A Ponzi scheme is a well-known get-rich-quick scam that pays out rewards to initial investors using money from more recent ones. The promise of enormous returns with little volatility or risk is the primary allure of a Ponzi scheme. The funds are never invested as promised; instead, they are used to pay early investors their “guaranteed high returns” until the supply of new investors runs out, and the scheme collapses. Since there are no legitimate investments, the model is a cyclical money-making scam constantly targeting new investors. 

Ponzi masterminds are particularly attracted to the crypto space due to novice investors entering the ecosystem and the regulatory grey area.
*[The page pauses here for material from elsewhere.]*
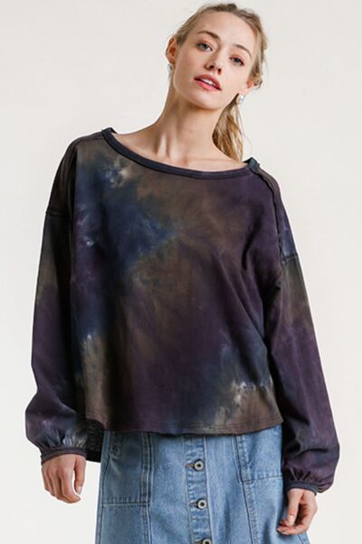 Umgee Full Size Tie Dye Round Neck Long Balloon Sleeve Top Plus Size

The absence of traditional regulatory materials like earnings reports, third-party research reports, and audited documents serve as a haven for Ponzi schemers.
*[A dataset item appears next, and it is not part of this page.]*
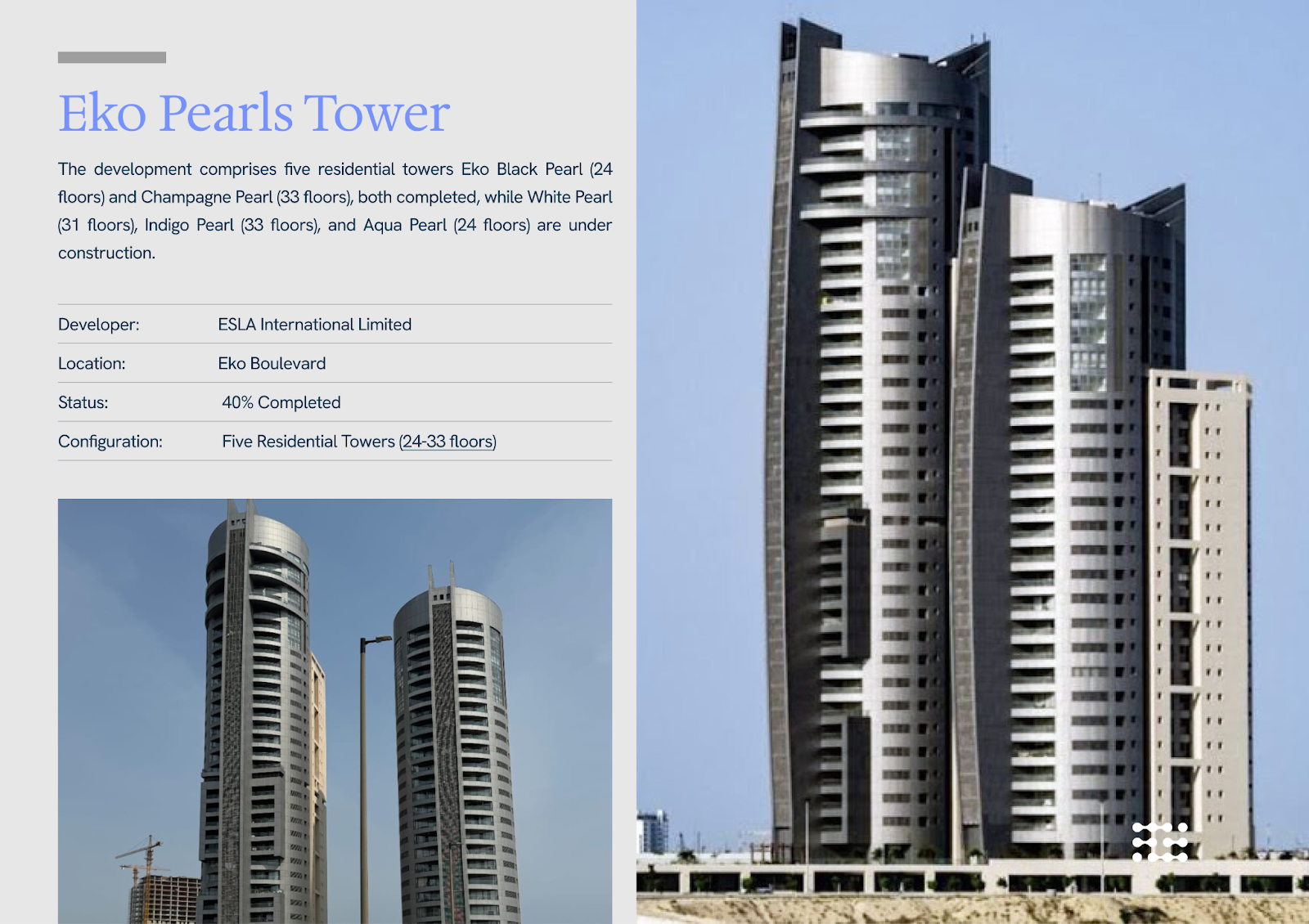Pengembangan ini terdiri dari lima gedung pencakar langit residensial: Eko Black Pearl (24 lantai) dan Champagne Pearl (33 lantai), keduanya sudah selesai, sementara White Pearl (31 lantai), Indigo Pearl (33 lantai), dan Aqua Pearl (24 lantai) sedang dalam pembangunan. Secara kolektif, gedung-gedung yang sudah selesai telah menetapkan standar untuk hunian mewah di Eko Atlantic, menyediakan lebih dari 560 apartemen satu hingga tiga kamar tidur, termasuk duplex dan penthouse teras, serta fasilitas seperti lapangan tenis, kolam renang, dan klub kesehatan.

Additionally, because of the industry’s rapid growth, average investors are flocking to the sector without a firm grasp of the technology. Unfortunately, this has allowed scammers to present themselves as experts who can take care of that learning curve. 

4. Social Media Impersonation and fake giveaways

Another popular cryptocurrency scam sweeping Twitter and other social media platforms like Discord, Telegram, YouTube, and Instagram is the rise of fake accounts posing as well-known influencers or public figures in the cryptocurrency industry.

 

The modus operandi of these scams involves attackers creating fake profiles nearly identical to the ones they are pretending to be to advertise giveaways that promise to double a user’s money if they deposit cryptocurrency assets into a specific wallet address. This, of course, isn’t the case and the user’s funds are irretrievable once sent. 

Closing thoughts 

As the crypto industry grows in scale and complexity, malicious actors are incentivized to siphon funds from unsuspecting cryptocurrency users. Therefore the acronym DYOR (Do Your Own Research) is pertinent to this thriving industry. In addition to recognizing the common scams that plague the ecosystem. Fortunately, there are red flags and preventative measures that users need to be aware of to avoid the most pervasive deceit tactics. This includes promises of guaranteed returns, a poor or non-existent project whitepaper, excessive marketing with free giveaways, unnamed founding team members, avoiding google or social media ads, and ignoring cold emails.

Users can avoid becoming victims of such scams by taking note of these warning signs, taking proactive steps to learn about the ecosystem, and using the best practices for securely storing cryptocurrency assets.